Two recent legal developments have provided some positive news for the US shale gas industry, which, despite a boom in natural gas production due to technological advances, is facing heightened scrutiny from regulators and legislators.
EPA cuts its estimates of greenhouse gas emissions from natural gas production
The United States Environmental Protection Agency in April 2013 revised its estimates of US greenhouse gas emissions during the period 1990–2010 and released its estimates for 2011. The EPA’s revisions changed the estimate for methane released in natural gas systems (including production, processing, transmission and storage, and distribution) from an increase of approximately 14 percent between 1990 and 2010 to a decrease of approximately 11 percent. As a result, the EPA’s new estimate of methane emissions from natural gas systems in 2010 is 33 percent lower than its original estimate.
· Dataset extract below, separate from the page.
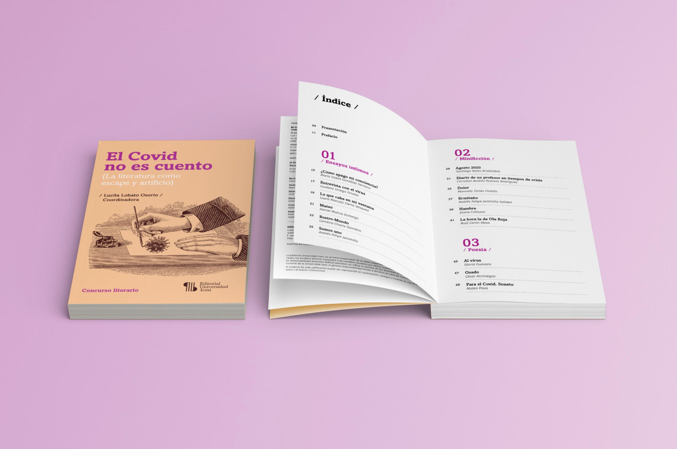 Cuento | Participación en el libro que recopila los textos ganadores del concurso «El Covid no es cuento» en la categoría «minificción», con el relato Agosto 2020. Concurso organizado por el Seminario de Literatura de la Universidad Icesi. Leer: Publicado por la Editorial Universidad Icesi.

This significant estimated decrease in emissions occurred despite an increase in US natural gas production of over 32 percent over the same time period, according to US Energy Information Administration statistics. Such decreased emissions could indicate recognition of greater efficiencies in the production process as well as more widespread use of leakage monitoring and control technologies than was previously assumed to occur in the industry.
The decrease in estimated methane emissions shown by the revised EPA report indicates that concerns over excessive methane leakage from natural gas production, including hydraulic fracturing or fracking, may have been exaggerated. Such concerns about the “lifecycle emissions” of natural gas have caused some environmentalists, politicians and regulators to question whether natural gas could be considered a cleaner alternative to coal and a potential bridge fuel on the path to renewable energy generation.
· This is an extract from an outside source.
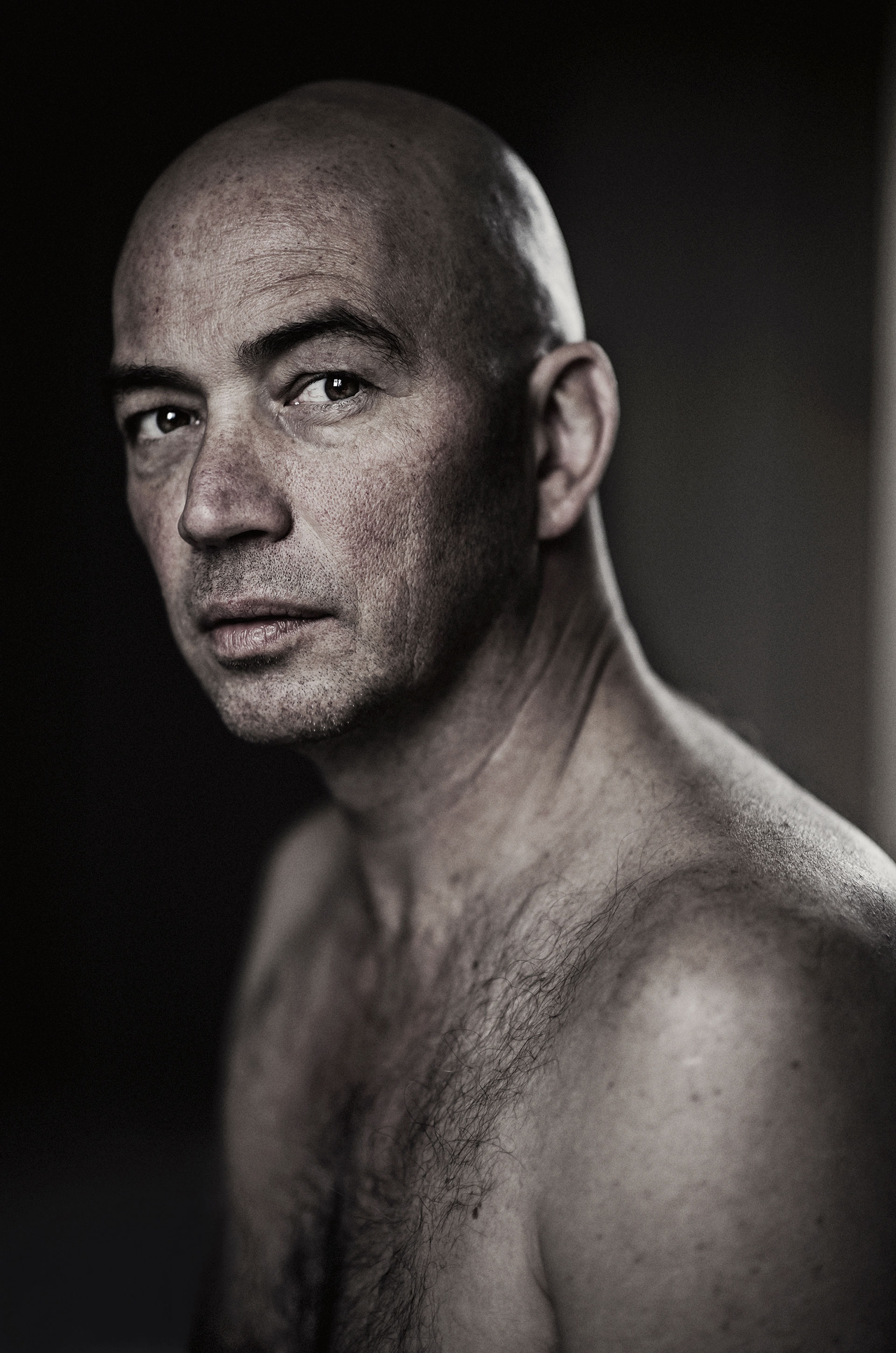 Het is allemaal psychologie, zegt hij. Fotografie is: openheid van geest hebben. Verrast willen worden. Wie zijn die onbekenden voor je camera? Je hebt vreselijke BN’ers, ijdeltuiten van de bovenste plank, en toch monden de meeste ontmoetingen uit in prettige samenkomsten. Zeker als de fotograaf nog een keer langs mag komen. Voorwaarde is ook: alle managers, voorlichters en ander menselijke ruis moeten weg. ‘Ik en de ander’, zegt hij. ‘Soms heb ik een paar uur de tijd, maar vaker een paar minuten. Het is een kortstondige, oppervlakkige ontmoeting. En toch moet het beeld een zekere intimiteit uitstralen. Het liefst met een onverwachte, korte emotie die je bij de lurven pakt.’

The EPA will continue to monitor methane emissions in the industry as part of its greenhouse gas monitoring program. The agency could further revise the emissions report as more data become available, but this recent development may bode well for the shale gas industry. Industry participants and observers largely expect that methane leakage rates will continue to decrease as control technologies improve and more producers adopt them.
Pennsylvania reaffirms longstanding property law, providing certainty for shale gas plays
In Pennsylvania, one of the most active states for shale gas plays in the US, a recent court ruling settled some confusion over the status of property rights to shale gas in the state.
On April 24, 2013, the Supreme Court of Pennsylvania issued its decision in Butler v. Charles Powers Estate, reversing a state court of appeals decision that had the potential to upend the status of some Marcellus Shale gas plays in Pennsylvania. The supreme court in Butler reinstated the ruling of the trial court, reaffirming Pennsylvania’s longstanding Dunham Rule (1882) and holding that natural gas is not a “mineral” in the context of a deed reservation, unless the reservation explicitly includes natural gas or clear and convincing parol evidence shows an intent by the parties to the grant to include natural gas in the reservation.
The Butler case arose from an 1881 deed that reserved “one-half the minerals and Petroleum Oils” of a property to Charles Powers and his heirs and assigns. The owners of the property in question filed a complaint to quiet title in 2009, claiming ownership of all of the natural gas beneath the property, including within the Marcellus Shale formation. The heirs of the Charles Powers estate appeared, seeking a holding that they rightfully owned one-half of the natural gas located beneath the property.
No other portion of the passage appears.